Дорога была пустынна, и солнце клонилось к закату. Примерно через час, когда покажется чёрный провал входа в святилище, уже будет ночь, и темнота изнутри и снаружи будет примерно одинаковой. Предстоит второй раз войти в бездонный каменный лабиринт, на этот раз без приглашения. Никто и никогда не входил в святилище Мудрого Енота без приглашения, разве что конквистадоры капитан-командора Фернандо да Корсето однажды вломились туда в поисках мифических сокровищ, но ни один из них не вышел обратно. Тогда, судя по всему, даже адмирал Виттор да Сиар был несколько напуган исходом этой экспедиции и не предпринял никаких акций возмездия против людей Мудрого Енота.
Полоса потрескавшегося асфальта начала подниматься вверх, огибая скальный выступ. Из джунглей, прилегающих слева к дороге, послышались панические обезьяньи вопли и сдержанный рык пятнистой кошки. Дина на всякий случай расстегнула сумочку, в которой лежал пистолет, любезно вручённый ей подполковником Муаром.
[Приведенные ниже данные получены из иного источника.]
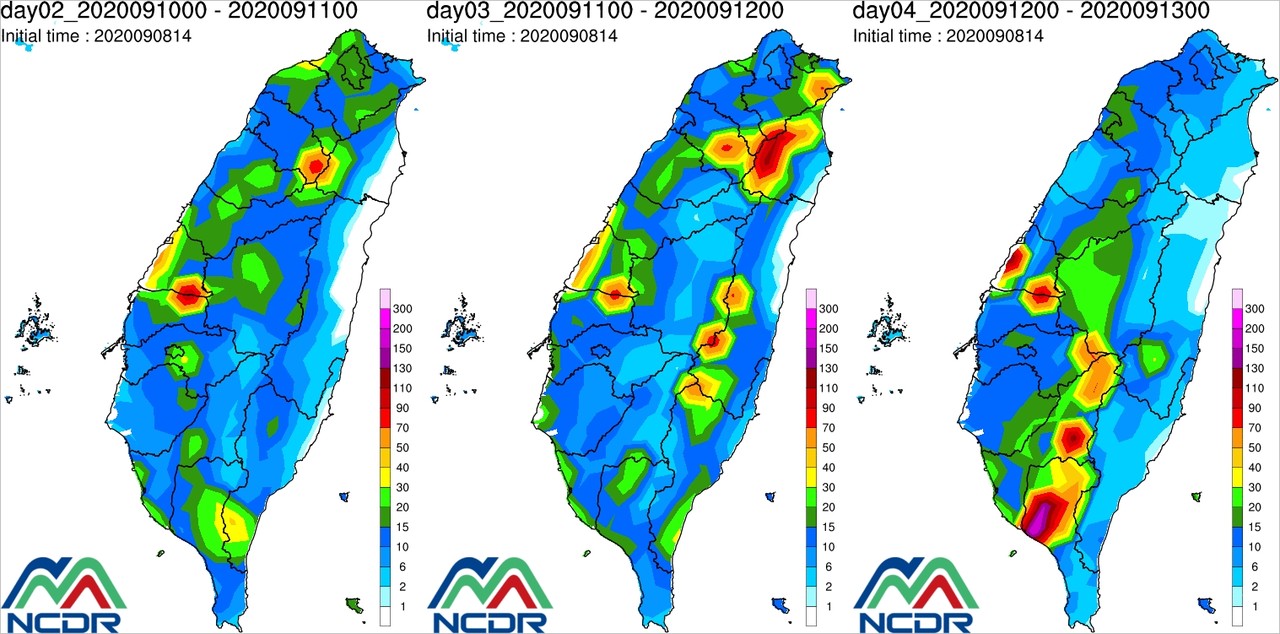 預計入秋第一道微弱鋒面將於10日之後形成,並通過影響台灣,水氣增加、降雨範圍區域擴大,氣象局指出,北部跟東半部有局部短暫陣雨或雷雨,其他地區多雲、午後有局部短暫雷陣雨,各地都有局部較大雨勢,中南部清晨也有零星短暫陣雨。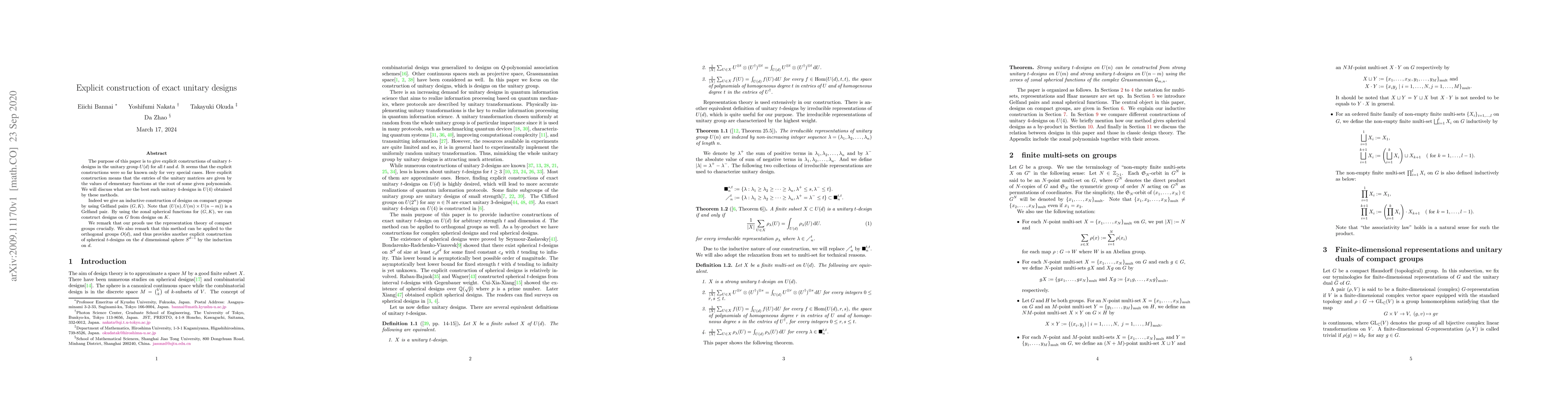 The purpose of this paper is to give explicit constructions of unitary $t$-designs in the unitary group $U(d)$ for all $t$ and $d$. It seems that the explicit constructions were so far known only for very special cases. Here explicit construction means that the entries of the unitary matrices are given by the values of elementary functions at the root of some given polynomials. We will discuss what are the best such unitary $4$-designs in $U(4)$ obtained by these methods. Indeed we give an inductive construction of designs on compact groups by using Gelfand pairs $(G,K)$. Note that $(U(n),U(m) \times U(n-m))$ is a Gelfand pair. By using the zonal spherical functions for $(G,K)$, we can construct designs on $G$ from designs on $K$. We remark that our proofs use the representation theory of compact groups crucially. We also remark that this method can be applied to the orthogonal groups $O(d)$, and thus provides another explicit construction of spherical $t$-designs on the $d$ dimensional sphere $S^{d-1}$ by the induction on $d$.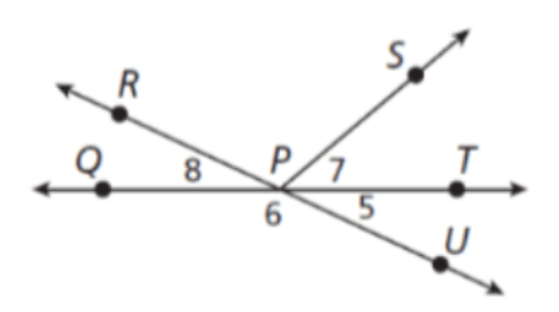 True or False: ∠TPU and ∠QPR are vertical angles.
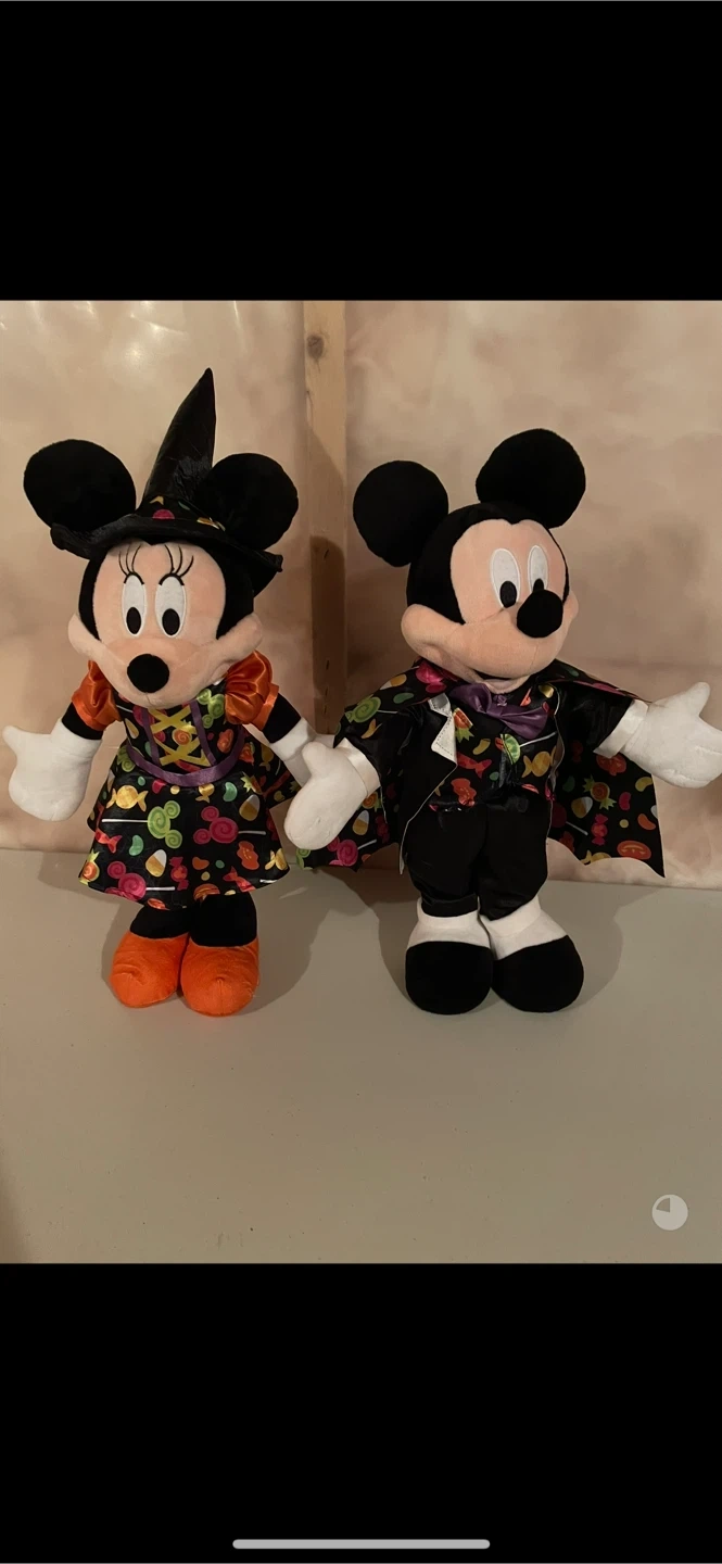 Selling a set of Mickey and Minnie Mouse Halloween plush greeter statues. They're dressed in their Halloween costumes and ready to celebrate the spooky season! $40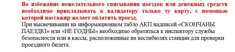 На днях СМИ писали, как у пассажира плата за проезд в метро снялась с банковской карты, а не с проездного, который тоже был в кошельке. Минчанин приложил к валидатору кошелек с проездным и банковскими картами, рассчитывая на то, что поездка спишется с проездного билета. Но плата была взята с банковской карты, о чем пришло SMS-сообщение.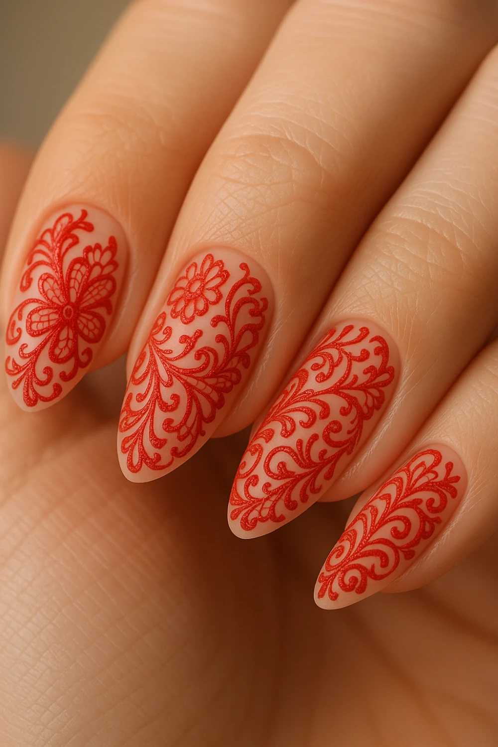Intricate lace-inspired red patterns painted over a sheer or pale pink base create a delicate and romantic manicure.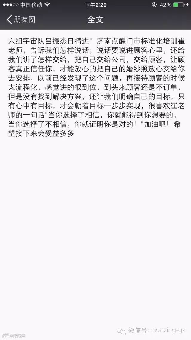 六组宇宙队吕总日精进:济南点醒门市标准化培训催老师,告诉我们怎样说话,说话要进客户心理,还给我们讲了怎样交给,把自已交给公司,交给顾客,让顾客真正信任你,才能放心的把自已的婚纱照放心交给你去安排,以前已经发现了这个问题,再接待顾客的时候太流程化,感觉讲的很到位,到头来顾客还是不订单,但是没有找到解决方案,还让我们明确自已的目标,只有心中有目标,才会朝着目标一步步实现,很喜欢催老师的一句话,当你选择了相信,你就能得到你想要的,当你选择了不相信,你就证明你是对的!加油吧!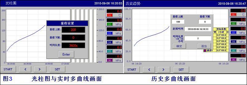 實時、歷史組合多趨勢曲線在【實時曲線】【歷史曲線】按通道順序排列1、2、3、4、6固定組合在一起,直觀的顯示相關通道間的變化關系。點擊【數據框】返回【實時畫面】通道。在【歷史曲線】畫面點擊【S】可選擇啟用單條或4條曲線,顯示趨勢變化;設置查詢起始時間及時間跨度;不同的數據量程范圍啟用單條查詢。通過【上一頁】,【下一頁】的切換組合通道。
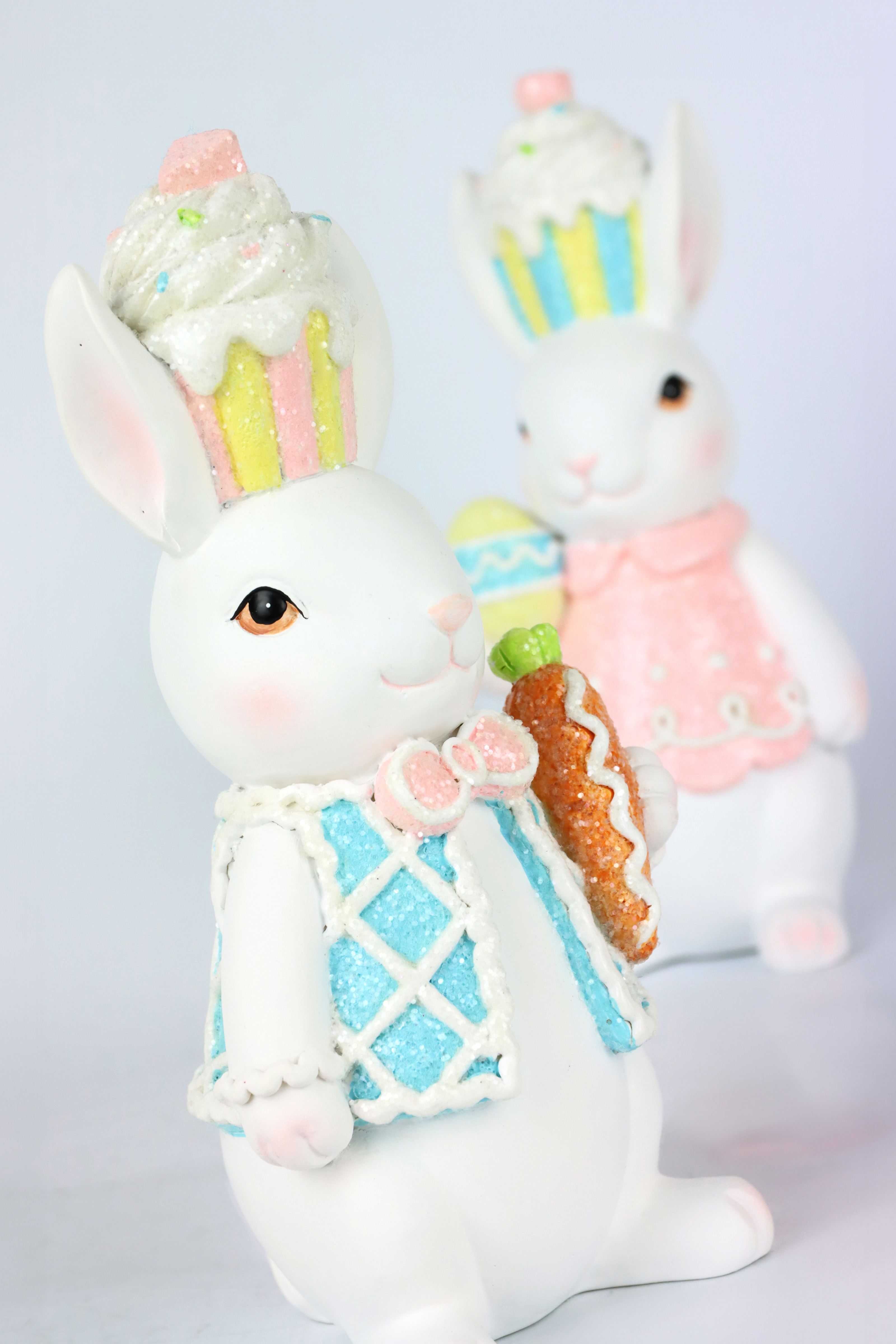 Let your customers welcome the cheerful spirit of Easter with our exclusive "BUNNY CANDY PARTY" S/2 product set. This 2-piece set made of polyresin adds a playful and charming accent to your Easter collection. The two bunny figures, each around 16.8 cm high, are perfectly designed to enhance the ambience of any home and lifestyle decoration.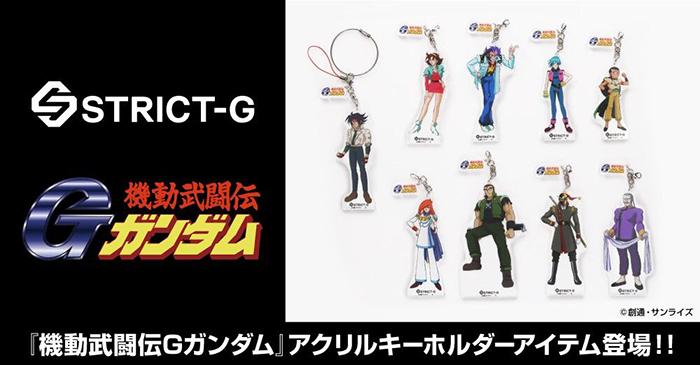 Les précommandes pour 9 types de porte-clés acryliques STRICT-G Mobile Fighter G Gundam qui seront vendus dans chaque magasin STRICT-G à partir du samedi 25 mai, ont enfin commencé. N’oubliez pas de visiter les magasins et de les vérifier. Les porte-clés coûtent 1 430 JPY (TTC) chacun.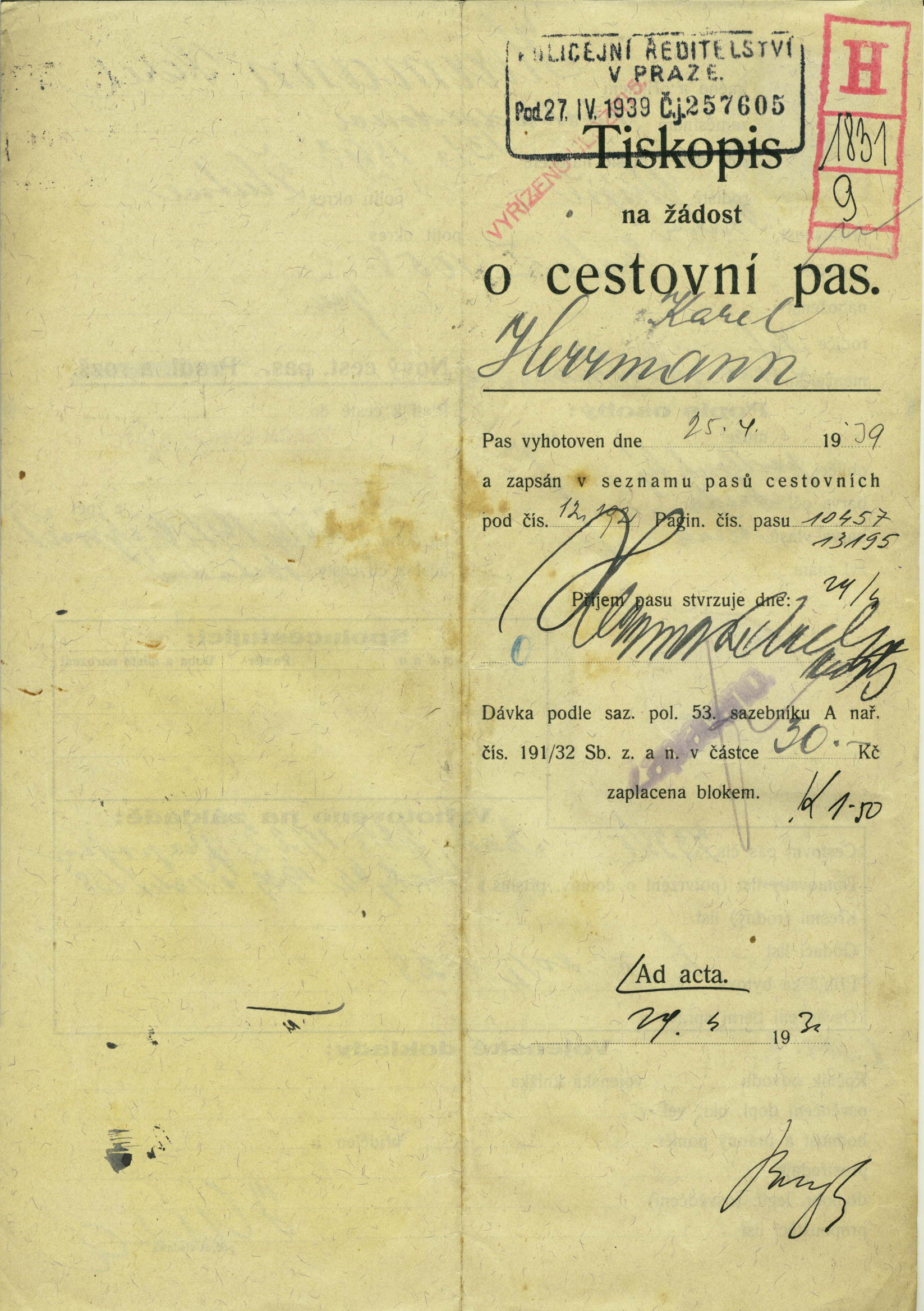 Herrmann Karel: Žádost o vydání cestovního pasu
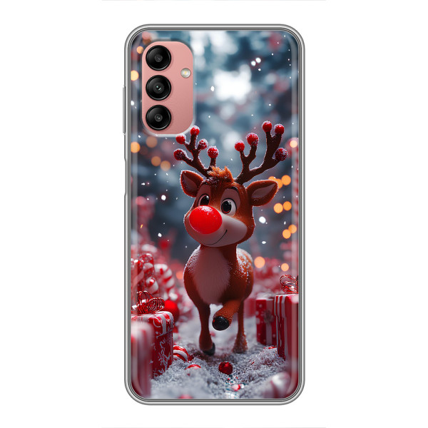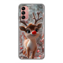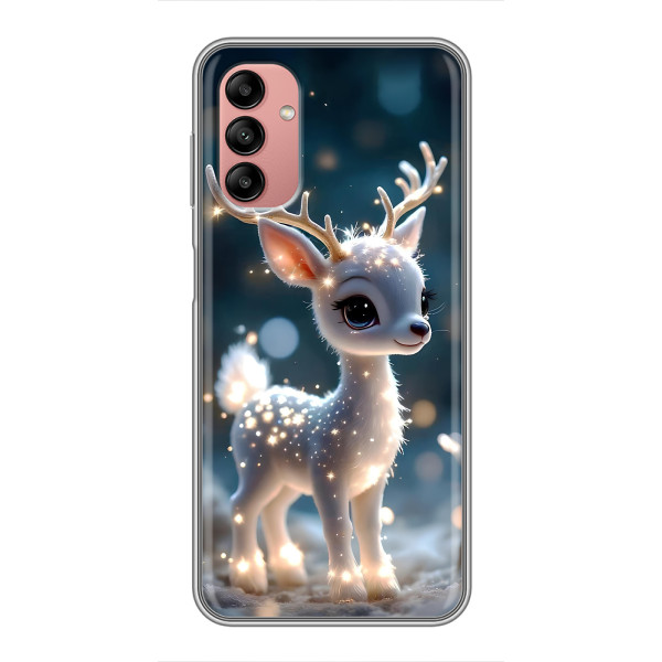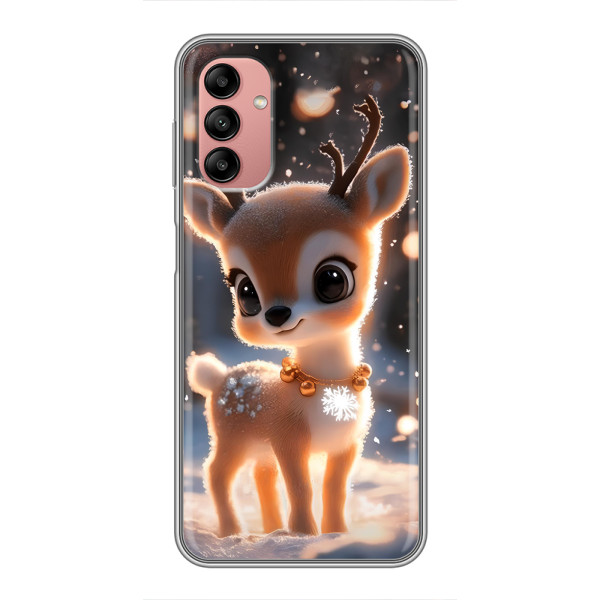 Зимняя коллекция принтов с тёплым сказочным настроением: Блестящий оленёнок, Олень в свитере, Олень с носом, Олень с шарфом, Олень среди подарков, Оленёнок в лесу, Оленёнок среди гирлянд, Оленёнок — выбери свой любимый дизайн для Samsung Galaxy A04s (Самсунг А04с) и добавь праздничной магии каждый день.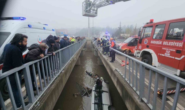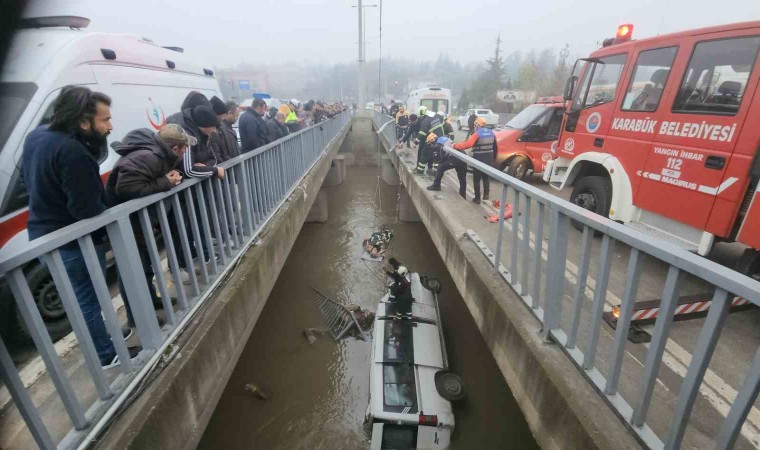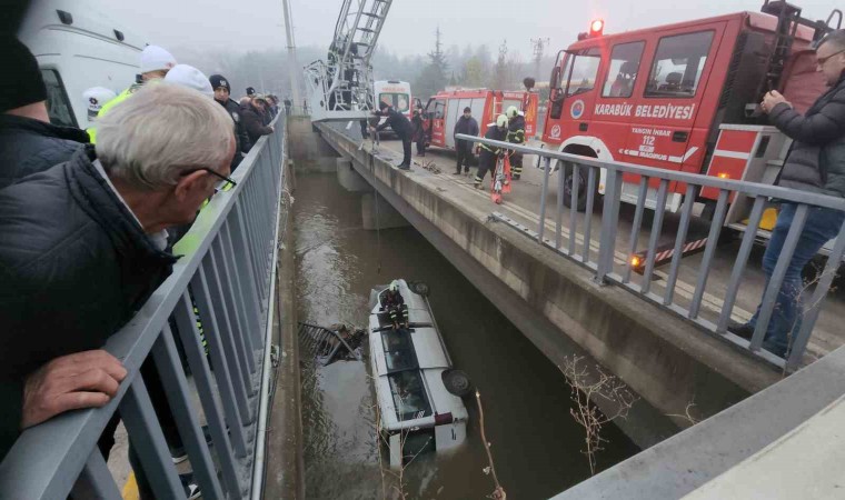 Karabük’te sabah saatlerinde kavşaktan döndüğü sırada frenleri boşalan minibüs demirçelik köprüsünün korkuluklarını kırarak Araç çayına uçtu. Kazada yan vaziyette suya batan aracın sürücüsü yaralı olarak itfaiye ekiplerinin çalışmaları ile kurtarıldı.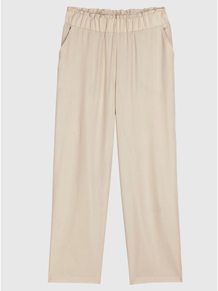 Очень широкий крой с широким, слегка гофрированным поясом на резинке придает этим брюкам длиной 7/8 модный вид. Смещенный вперед боковой шов визуально стройнит силуэт, а сзади имеются формирующие вытачки. С боковыми карманами. Изготовлены из струящейся вискозы качества ECOVERO от Lenzing. Ширина до щиколотки: около 48 см.

Если удастся дойти до входа в лабиринт, не забыть бы выкинуть оружие… С ним туда и вправду лучше не соваться.
Как это говорил доктор Кастандо: новая вселенная возникла не за пределами нашего мира, а внутри этой юной жрицы, даровав ей силы, которые действуют вопреки законам, данным нам Творцом… Может быть, всё-таки не вопреки, а вне этих законов. Как может существовать вопреки законам этого мира то, что существует как бы вне его? Нет, важно не это. Важно то, что через вселенную, которая внутри Сквосархотитантхи, наверное, можно пройти туда, где решается судьба пробудившегося Тлаа и судьба этого мира заодно. Нет, лучше пока не думать ни о рычании в зарослях, ни о том, что ждёт впереди. Это — как при первом прыжке с парашютом: успеешь подумать о том, что внизу пропасть в полторы версты, и не решишься сделать шаг за борт, пока инструктор не толкнёт в спину. Здесь толкать в спину некому — сама себе инструктор…
Дальше она шла, стараясь не думать ни о чём, и, когда впереди показался вход в святилище, из-за горизонта ещё выглядывал краешек заходящего солнца. В памяти остался каждый шаг, который она сделала при прошлом посещении лабиринта, а значит, можно было не бояться заблудиться даже в полной темноте. Она положила пистолет справа от входа, возле лап каменной химеры, а потом, подумав, там же оставила и сумку, прихватив с собой только крохотный, в палец толщиной, фонарик. Им тоже стоило пользоваться лишь в крайнем случае.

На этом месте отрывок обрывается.